Мне страшно сознаться, но тогда я подумал, что, будь у меня трехлинейка или, на худой конец, наган-пистолет, я бы без колебания вручил плотнику оружие справедливости — вот до какой степени заразительны эти стариковские страсти. Я потом долго стеснялся своего побуждения.
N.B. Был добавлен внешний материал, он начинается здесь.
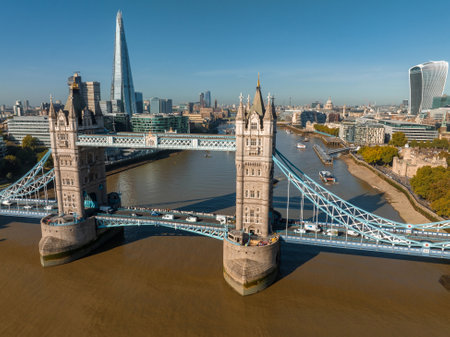 Aerial view of the Tower bridge in London, UK.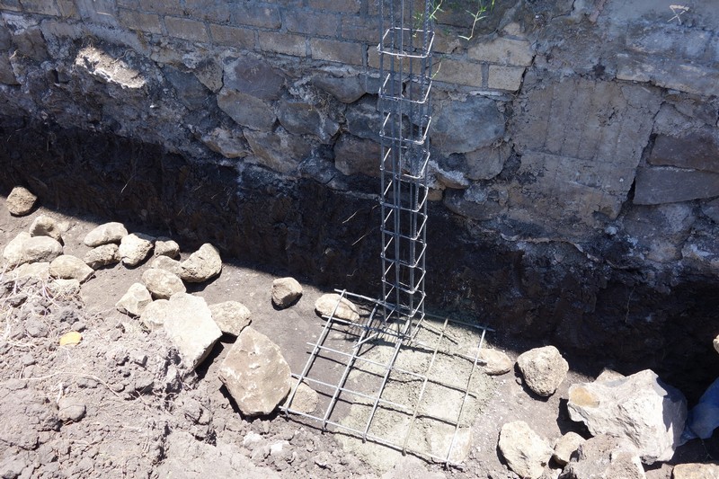 We had expected to see bent castillos by the sides of the two round columns, since some "adjustment" was required here (remember that all castillos were placed at the whim of "maestro" X without bothering to measure any distances between them, and in particular without paying any heed to the width and position we specified for the portón - see here). Rubén showed us a photo he took before he rectified them, and indeed the curvature was pretty gross. But we hadn't expected to see that all the other castillos excavated to date were also twisted and/or well off vertical - from what we have seen, he didn't put a single one in straight. Unfortunately, we were not there at the right time to note this when the work was done. As seen here, Rubén is using a substantial amount of extra reinforcement to ensure that the wall above is firmly anchored to its foundation. |

Скандал в гостинице «Север» навел меня вот еще на какую мысль: память — первый враг мудрого старческого бытия. Впрочем, иногда они ухитряются умно устроить дело. Возьмем мою бабку, восьмидесятилетнюю старуху. В первую мировую войну она была сестрой милосердия и в полевом лазарете познакомилась с раненым прапорщиком, моим несостоявшимся дедом. Этот дед потому не состоялся, что по выздоровлении его прикомандировали к русскому экспедиционному корпусу, который сражался на франко-германском фронте. Бабка долго не имела о нем никаких известий и только в двадцать четвертом году как-то узнала, что ее прапорщик был убит на дуэли в лагере галиополийцев. С горя она вышла замуж за одного тихого бухгалтера — это и есть мой дед. С ним моя бабка жила как у Христа за пазухой, уважительный и работящий был человек, хотя одно время ей все-таки пришлось потрудиться на подольском заводе, о чем она всегда вспоминает с неудовольствием. В сороковом году, о котором моя бабка говорит «только-только жить начали», тихого бухгалтера уходило воспаление легких. Во время Отечественной войны погибли двое ее сыновей, двое моих дядьев. Один был убит под Сталинградом, другой в сорок четвертом году умер в госпитале в Саранске. Ее единственная дочь погибла в сорок восьмом году во время ашхабадского землетрясения. Моего отца она тоже пережила.

Сейчас моя бабка на пенсии, целыми днями она сидит на скамеечке возле подъезда и разговаривает со своими подружками. Когда я приезжаю ее навестить, то первым делом спрашиваю:

— Ну что, Ольга Ильинична, как твоя жизнь?

— Хорошая жизнь, слава богу, — отвечает она: — Вот сейчас со старушками обсуждение закончим и чай пить пойдем.

Чаю она пьет стаканов двадцать за раз. За чаем я обязательно попрошу ее что-нибудь рассказать о своей жизни.

— А я и не помню ничего, — ответит она. — Все позабыла вчистую.

Впрочем, я спрашиваю из озорства. Я наперед знаю, что она поломается-поломается и расскажет о том, как в тридцать шестом году на выпускном вечере школы Осоавиахима она танцевала польку с маршалом Рокоссовским.